How to enrich your child’s intelligence from birth

By 26/07/2012July 31st, 2019Educating in a better way

How to enrich your child’s intelligence from birth

Every country’s educational priorities are completely back to front. Researchers have proven beyond doubt that you develop around 50 percent of your ability to learn in the first four years of life. And you develop another 30 percent of that ability before you turn eight. After age 10, the neural branches, which haven’t been laid, will die off.

This does not mean that you absorb 50 percent of your knowledge or 50 percent of your wisdom or 50 percent of your intelligence by your fourth birthday. It simply means that in those first few years, you form the main learning pathways in your brain. Everything else you learn in life  will be built on that base. You also take in a fantastic amount of information in those early years, and all later learning will grow from that core.
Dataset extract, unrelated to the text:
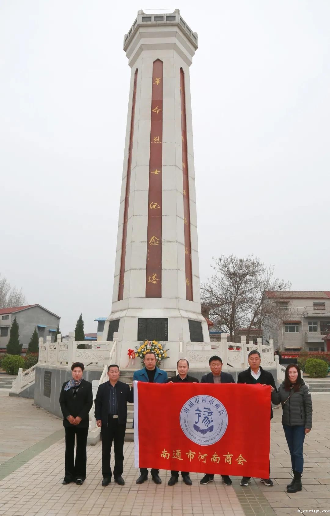 3月13日,南通市河南商会党支部副书记宋忠领,执行秘书长李祝星,常务副会长代表苑国安、杨宗政、副会长代表朱军、朱永建,监事马力、会员代表焦景花、张晓军,青团河南省委驻江苏工作委员会副书记兰大伟等代表商会及在通豫籍老乡前往新乡延津县烈士陵园敬献花篮寄托哀思并到家中慰问烈士家属赠送慰问品、捐赠慰问金。
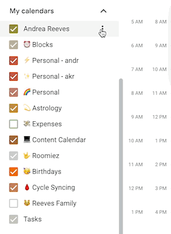 I’m a highly visual person, so it’s important for me to distinguish different types of events and holds using different colors. For example, I have one color for personal events, one for work meetings, and one for holds and time blocks/buffers. To do this, I have to create separate calendars based on the type of event.

Yet nearly every country spends well under 10 percent of its educational budget on the years where 50 percent of development takes place.

Says British psychologist Tony Buzan: “At the moment a child is born it’s already really brilliant. It picks up language, much better than a doctor of philosophy in any subject, in only two years. And it is a master at it by three or four”.
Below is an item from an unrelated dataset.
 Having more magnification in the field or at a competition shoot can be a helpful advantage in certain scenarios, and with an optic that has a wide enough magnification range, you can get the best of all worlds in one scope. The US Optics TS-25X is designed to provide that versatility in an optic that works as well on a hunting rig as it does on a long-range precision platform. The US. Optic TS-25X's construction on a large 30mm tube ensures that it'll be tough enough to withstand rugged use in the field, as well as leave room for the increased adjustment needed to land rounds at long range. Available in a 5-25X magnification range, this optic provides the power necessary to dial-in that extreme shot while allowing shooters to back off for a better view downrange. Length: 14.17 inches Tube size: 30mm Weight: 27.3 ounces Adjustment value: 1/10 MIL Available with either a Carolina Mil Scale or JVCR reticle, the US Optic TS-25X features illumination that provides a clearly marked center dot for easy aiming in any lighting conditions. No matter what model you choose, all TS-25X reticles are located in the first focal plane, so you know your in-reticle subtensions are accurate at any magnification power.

Buzan says every child born, unless it has severe brain damage, is a budding genius. He demonstrates that early built-in urge to learn with a piece of paper. “Imagine I am now a three-month-old baby”, he smiles. “You’ve given me this piece of paper. You know it’s not going to last long. Now do I do it like this? (He mimes a small child looking passively at the paper and then ignoring it.) Or do I do it like this?” (He then tries to tear the paper, crumple it, rattle it, and even stuff it in his mouth.) “It’s obviously the second way. And what that little baby was doing was being a little Isaac Newton – the perfect scientist. What kind of musical instrument can I make from this material (shaking it)? What is the sociological, economic value of this material (putting it in his mouth)? Anybody want some (offering it around)? What is the engineering, mechanical, tensile strength of the material (pulling it apart)? Stick it in the chemical laboratory (chewing it)? Check the musical instrument – and on to the next experiment. Now the baby is using all of its brain. Logic? Yes. Analysis? Yes. Rhythm? Yes. Everything? Yes.”

Scientists have tested this infant ability in many ways. In 1964, Benjamin S. Bloom, Professor of Education at the University of Chicago, published a summary of major research findings. In it, he studied five main human characteristics between birth and age 17 and 18: height, general learning ability, school achievement, aggressiveness in males and dependence in females.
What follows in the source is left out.